The variety of plants and long rows of tables can be overwhelming. Luckily, we do our homework beforehand so that we reduce the emotional overload to that of a kid in a candy shop. :)  The Tilth website has PDF lists of the herbs/flowers and vegetable starts that are planned.  We print them out ahead of time and each go through and mark what we find appealing. Sadly, not every plant on the list necessarily makes it to the sale as sometimes they seedlings fail or are not healthy enough. However, it does provide us with a game plan.

First, we tackled the herbs and edible flowers. For one, they're right at the entrance and for another, we are stricter on what we want.
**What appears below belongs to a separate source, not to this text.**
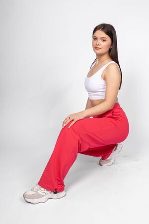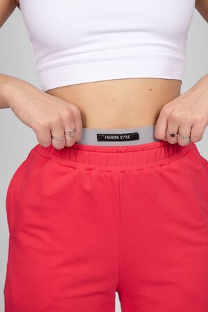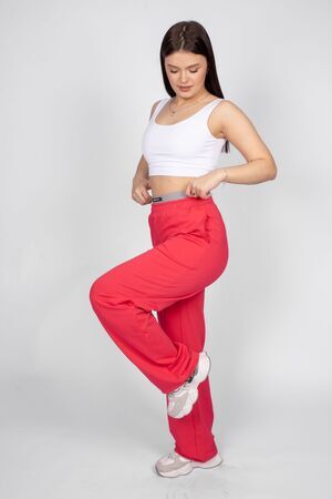 Брюки женские прямого силуэта. Пояс отрезной, выполнен из основного полотна, с эластичной тесьмой внутри. К верхнему срезу поясу притачена резинка, но выглядывает из пояса. На резинке декоративная нашивка. Надпись переводится как "Модный стиль". Модель рассчитана на рост 164-170см.
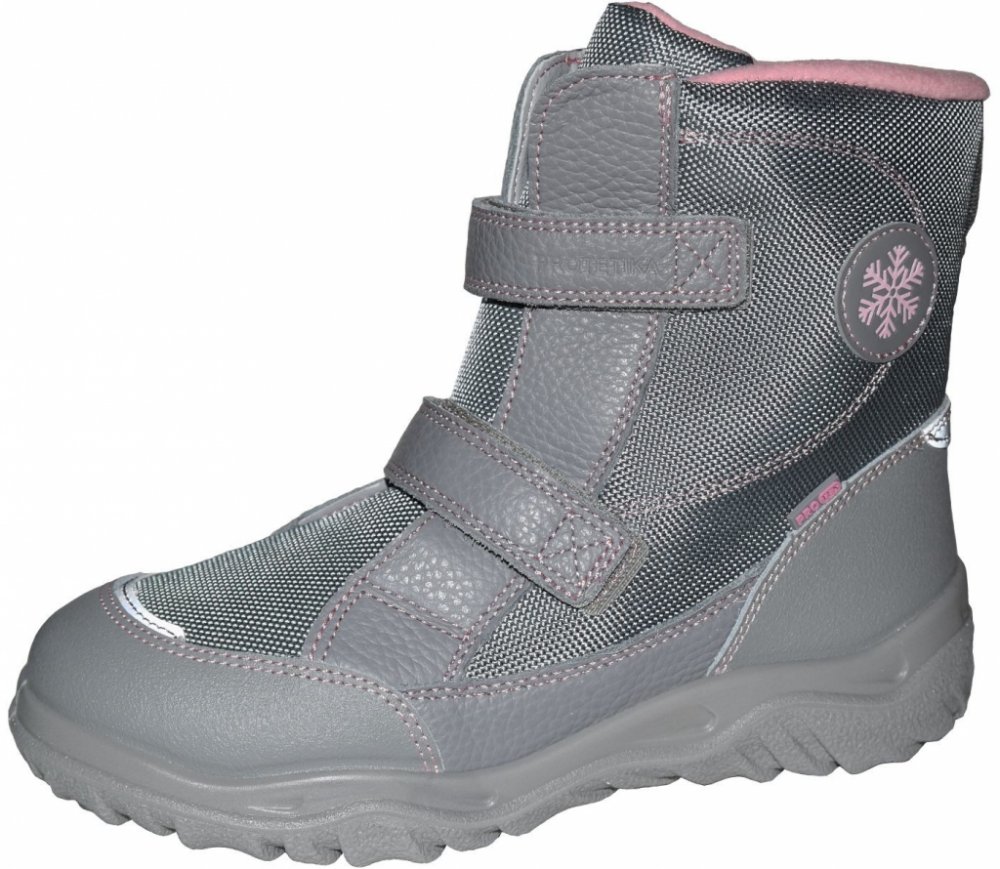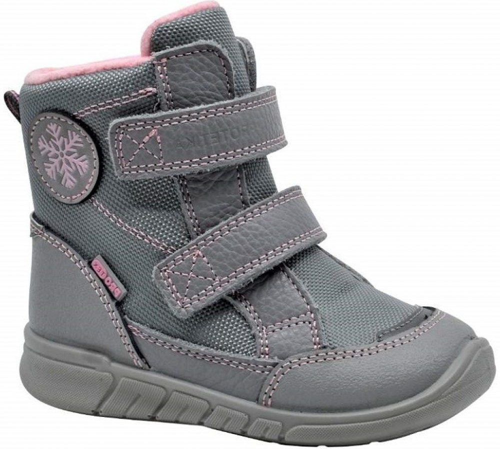 Zimní obuv od slovenské firmy PROTETIKA na suchý zip. Svršek kombinace kůže, textil. Uvnitř zateplené. Pevný opatek, vyvýšená podešev zabraňuje okopání. Vyjímatelná anatomicky tvarovaná stélka. Protiskluzová podrážka. Obuv je určená pro normální nohu. Délka vnitř.stélky- vel.24- 154mm, vel.25- 160mm, vel.26- 166mm, vel.27- 174mm, vel.28- 180mm, vel.29- 188mm, vel.30- 194mm.

We may not be able to put in our herb spiral this year (rocks are ridiculously expensive to buy!) but most of the perennial herbs will be able to be transplanted to their final location when we are able to build it. This year, we stuck to our list well, with only two plants we left for spur of the moment decision making (the agastache we bought, we passed on the catmint). Here's what we brought home this year (with my comments in italics and the Tilth descriptions below):
  • Apricot Sunrise Agastache - this isn't something we've bought before but we both liked the description and were interested in its decorative aspects as well as attracting beneficial bugs and hummingbirds
    • This perennial offers unusually-colored flowers; a sunny orange apricot. The abundant flower spikes attract many beneficials including hummingbirds! The blooms are also edible and make great cut flowers and the foliage smells like a combination of mint and licorice. Plants get 18"-24" tall and wide.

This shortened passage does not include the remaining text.